張立名被訴於民國一百年三月八日與劉先鵬共同犯恐嚇危害安全、強制等罪部分無罪。
劉先鵬無罪。
事實
一、緣張立名之友人劉先鵬前認借款 尹孏婷 (即起訴書誤載之尹蘭婷),而於尹孏婷被訴業務侵占罪之審理期間(案經本院於民國97年8月20日以96年度訴字第64號判決判處有期徒刑
1年6月,減為有期徒刑9月,經尹孏婷上訴後以97年度上易字第159號繫屬臺灣高等法院花蓮分院,嗣經撤回上訴確定),對尹孏婷提起刑事附帶民事訴訟(以99年度附民字第27號繫屬臺灣高等法院花蓮分院),雙方於99年6月1日同意由尹孏婷支付劉先鵬新臺幣(下同)200萬元及自93年10月16日起至清償日止按年息5%計算之利息等條件而成立和解,詎其後尹孏婷入監服刑且不願付款,劉先鵬乃約同張立名尋得當時於借貸過程中曾陪同尹孏婷洽談及收受款項之配偶 曾子忠 (98年8月17日更名前為 楊富田 、101年2月16日更名前為 楊子忠 ),於100年3月8日晚間,在曾子忠擔任貨運司機之花蓮縣○○鄉○○路○○○號富誠貨運公司辦公室內,與曾子忠約定自100年3月10日起按月歸還3萬元直至同年7月10日,再償還尹孏婷積欠之債務及所生費用之總額28
0萬元,曾子忠並簽發到期日分別為100年3月10日、4月10日、5月10日、6月10日、7月10日,而面額均為3萬元之本票共5張,以及到期日為100年8月1日、面額為280萬元之本票1張(此部分張立名、劉先鵬等人被訴強制罪部分詳後述)。
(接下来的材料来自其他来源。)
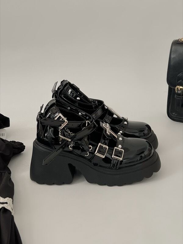 ローファー 厚底 パンプス PU フェイクレザー ベルト 革靴 レディース
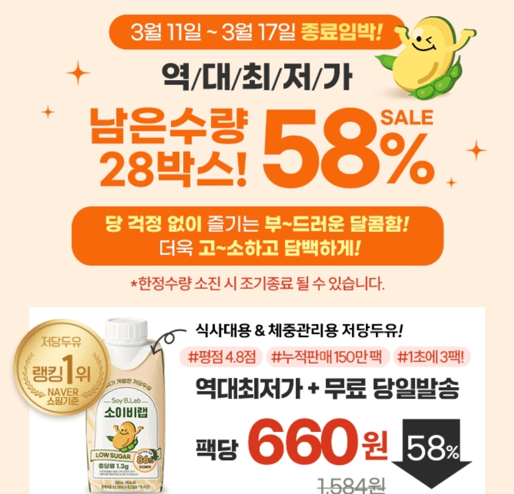 남은수량 단 28박스 소이비랩 한정수량 58% 할인 종료임박
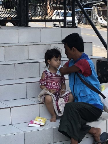 Sudah lebih dari 10 tahun Ia berjuang tanpa tangan, mengadu nasib di jalanan sambil menggendong anaknya yang masih kecil. panas-panasan dibawah sinar terik matahari dan folusi lalu lalang kendaraan. “Ia mas, anak saya yang kecil ini gak mau ditinggal. pengen ikut bapaknya terus. karna ibunya gak ada jadi gak bisa jagain kalo di rumah”. Ungkap Pak Enjah Karna kondisi ekonomi yang sulit apalagi keadaan fisik yang disabilitas membuat Pak Enjah sulit bekerja seperti orang lainnya.
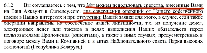 Ну тут вообще красота. Завтра выходит например некий акт Наблюдательного Совета Парка Высоких Технологий Республики Беларусь о изъятии всех активов - и я остаюсь ни с чем. Про использование моего аккаунта без моего разрешения - без комментариев.
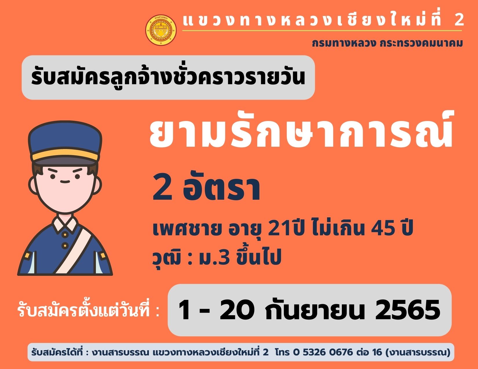 แขวงทางหลวงเชียงใหม่ที่ 2 เปิดรับสมัครสอบคัดเลือกลูกจ้างชั่วคราวรายวัน
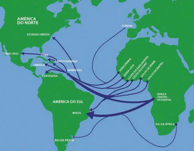 ► Estima-se que o comércio esclavagista transatlântico a partir das rotas da Guiné, Mina, Angola e Moçambique, tenha envolvido entre 12 a 14 milhões de pessoas das quais, pouco menos de metade, com destino ao Brasil

張立名見曾子忠雖按月償還本票債務至100年
7月,然於100年7月12日尹孏婷前揭業務侵占案件執行完畢釋放後即避不見面,又因認尹孏婷恐嚇劉先鵬,故除發送簡訊辱罵曾子忠,要求處理債務,並稱將尋找曾子忠所在,尚表示將至法院循法律途徑處理而行使債權人之權利外,竟基於恐嚇之犯意,於100年8月1日起至同月16日,駕駛汽車行經花蓮縣花蓮市區內不特定地點時,使用分別登記為其母親 邱桂英 所有門號0000-000000號行動電話以及登記為其子 張瑄恩 所有門號0000-000000號行動電話,接續傳送「幹,每次約我都給我虎爛,讓我們等,你等法院通知,人不要被我們碰到」(100年8月1日凌晨1時24分許)、「你哥被抓,現在換你,給我虎濫,又讓你老婆跟劉兄說要叫兄弟,要他小心!等我找到你們,看是誰要小心,幹!」(100年8月1日晚上7時4分許)、「幹,你繼續再開機、關機就好,小弟每天找你們的費用,一樣跟你們算!欠錢再兇吧,只會欺侮劉兄他們夫妻,不處理就繼續躲!」(100年8月2日凌晨0時45分許)、「你們不處理,出門小心點,我們在你們住的地方等你們,被我朋友帶來,就全部處理!幹..我看你們能躲多久,欠錢還耍狠」(100年8月2日晚上11時3分許)、「這次朋友來找你們,沒情可講,你們試試看我是不是說假的!對你太好,讓你虎爛我,徵詢、法院費用你們跟我朋友算!」(100年8月13日晚上7時18分許)、「看在你 尤董 面子上,最後給你們一次機會,你自己跟他聯絡,你們的資料、住處我都知道,我給我兄弟處理,就無情可談!給你一星期時間,不然你們就繼續躲」(100年
8月16日下午3時58分許)等足使一般人理解若未清償債務,又遲不處理,則可能遭對方糾眾尋找,無論在法院或他處遇到,均將導致生命、身體、自由受害等加害內容之簡訊至楊子忠持用之門號0000-000000號行動電話,而以此等惡害恫嚇曾子忠,使曾子忠先後在其當時位在花蓮縣吉安鄉太昌村租屋處收受上開恐嚇內容之簡訊後,心生畏懼,致生危害於安全。其間,曾子忠曾於100年8月4日報警處理,因而查獲。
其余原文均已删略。